US 11,914,583 B2
Utilizing regular expression embeddings for named entity recognition systems
Jeremy Edward Goodsitt, Champaign, IL (US); Austin Grant Walters, Savoy, IL (US); Reza Farivar, Champaign, IL (US); Mark Louis Watson, Sedona, AZ (US); Anh Truong, Champaign, IL (US); Galen Rafferty, Mahomet, IL (US); and Vincent Pham, Champaign, IL (US)
Assigned to Capital One Services, LLC, McLean, VA (US)
Filed by Capital One Services, LLC, McLean, VA (US)
Filed on Sep. 16, 2020, as Appl. No. 17/022,594.
Application 17/022,594 is a continuation of application No. 16/549,786, filed on Aug. 23, 2019, granted, now 10,803,057.
Prior Publication US 2021/0056099 A1, Feb. 25, 2021
Int. Cl. G06F 7/00 (2006.01); G06F 16/242 (2019.01); G06F 16/332 (2019.01); G06F 16/35 (2019.01); G06N 20/00 (2019.01); G06F 16/36 (2019.01)
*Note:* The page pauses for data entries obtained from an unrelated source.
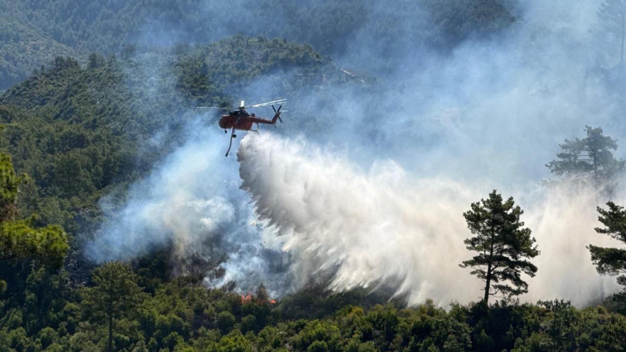 Alevlere, 2 helikopter, 7 arazöz, 8 iş makinesi ve 59 personelle havadan ve karadan müdahale sürüyor.
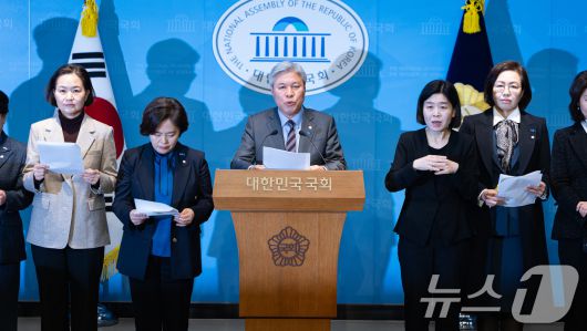 (서울=뉴스1) 유승관 기자 = 서왕진 조국혁신당 원내대표를 비롯한 의원단이 20일 서울 여의도 국회 소통관에서 '중수청·공소청법 민주당에게 묻는다' 긴급 기자회견을 하고 있다. 2026.1.20/뉴스1
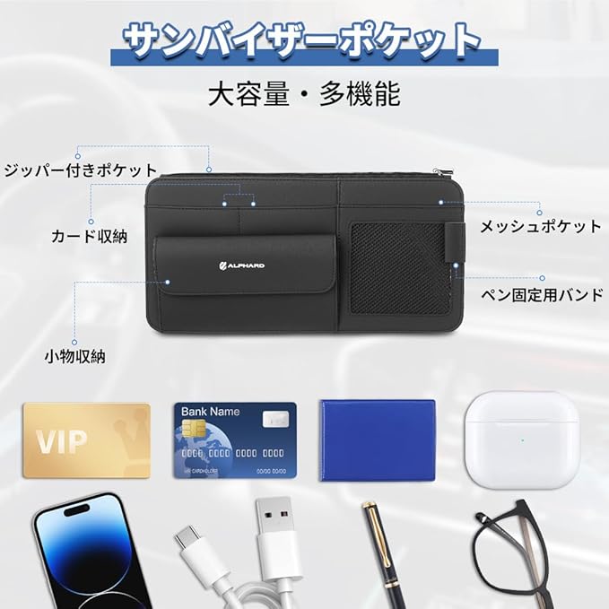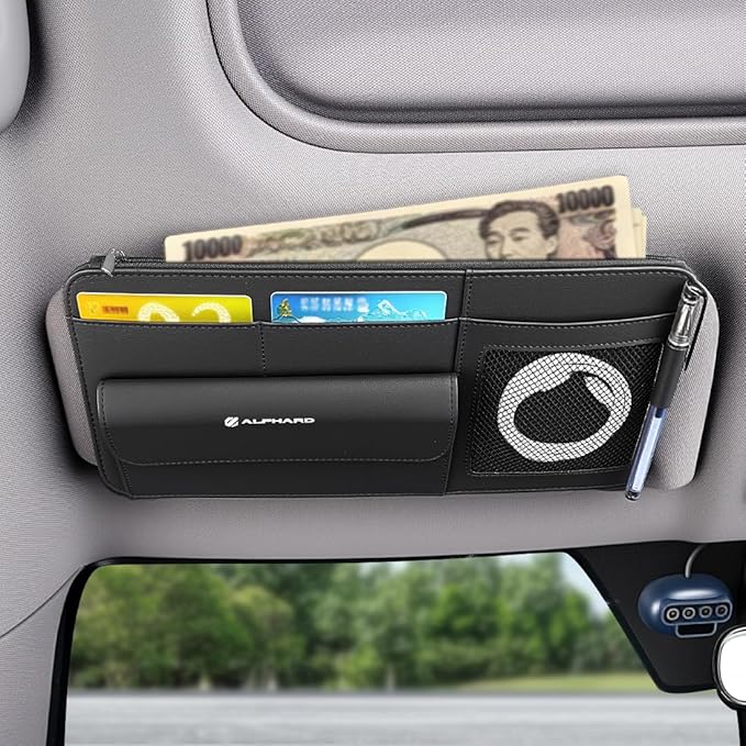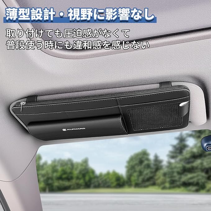 アルファード 適用 車 サンバイザーポケット 大容量 小物収納 マジックテープ式 アルファード 20系 30系 40系 対応 カー 収納ポケット 多機能 カード収納 ペン収納可能 サンバイザー 収納袋 高耐久性 防水&防汚 内装パーツ 薄型 取付簡単(アルファード 適用,1個)
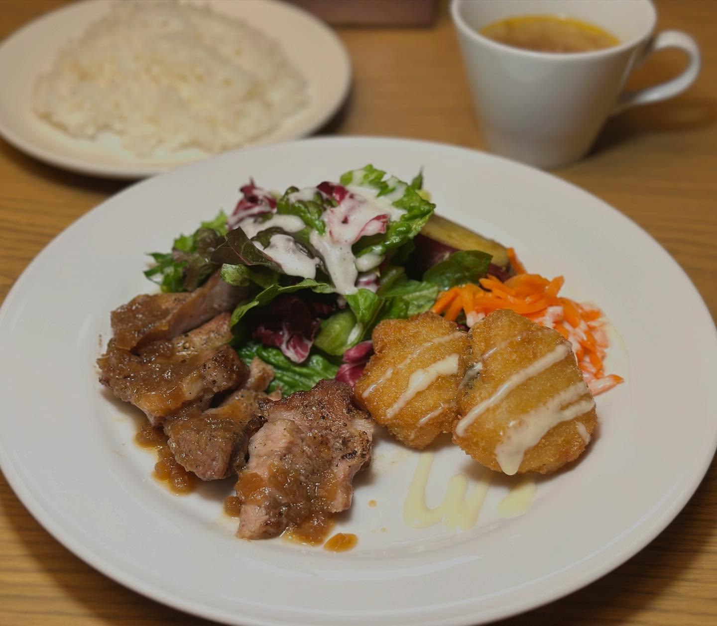 シャキシャキ野菜のサラダ🥗、彩り副菜🥕、スープ🥣、ごはん🍚付きです❗️
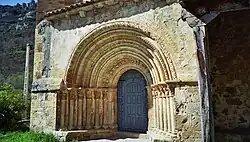 • Die Pfarrkirche Santa María ist – mit Ausnahme der Strebepfeiler – aus nur grob behauenen Bruchsteinen errichtet. Das unterhalb des Glockenturms (campanario) auf der Südseite befindliche Portal stammt von einem mittelalterlichen Vorgängerbau. Sein Gewände ist mehrfach zurückgestuft; die Archivolten zeigen sowohl figürliches (Älteste der Apokalypse) als auch geometrisches Dekor. Die schlanken figurlosen Kapitelle der eingestellten Säulen weisen auf den Übergangsstil zwischen Spätromanik und Frühgotik hin. Die Zwickel der Portalzone waren mit Fugenmalereien und anderem Dekor bemalt.
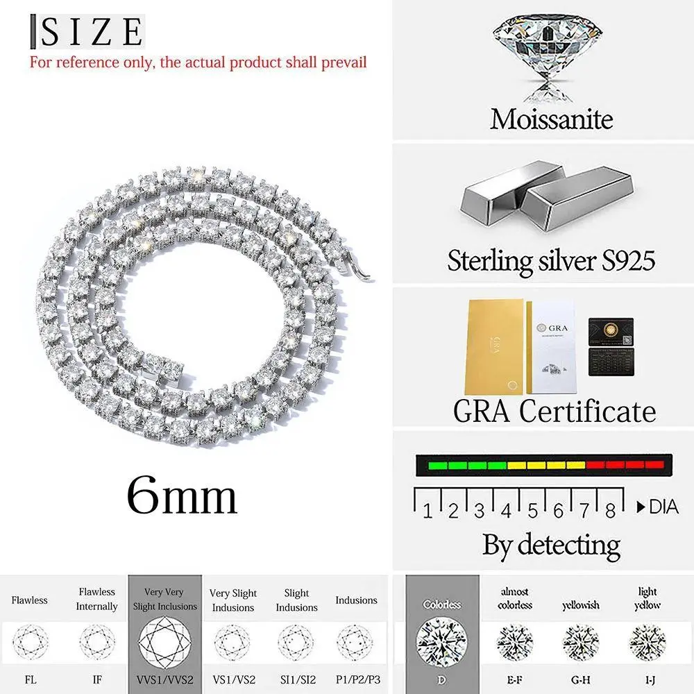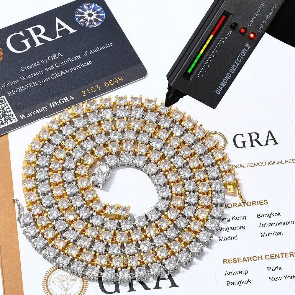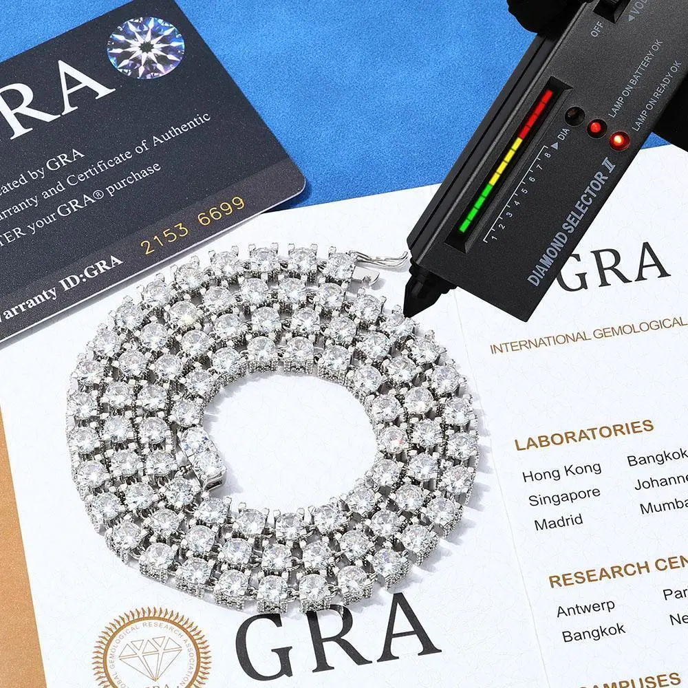 3/4/5MM VVS Moissanite Tennis Bracelet Custom Made Pass Diamond Tester 925 Sterling Silver Hip Hop Jewelry Tennis Chain Necklace

CPC G06F 16/243 (2019.01) [G06F 16/3329 (2019.01); G06F 16/35 (2019.01); G06N 20/00 (2019.01); G06F 16/374 (2019.01)] 12 Claims
OG exemplary drawing
 
1. A method comprising:
determining, via one or more processors, whether a dataset comprises unstructured text;
determining, via the one or more processors, that at least a portion of the unstructured text corresponds to a regex pattern of a regex list, wherein the regex pattern comprises at least one metacharacter, the at least one metacharacter associated with a non-literal meaning;
replacing, via the one or more processors, the portion of the unstructured text with an encoding that represents the regex pattern to generate a modified dataset; and
providing at least the modified dataset to at least one entity recognition system.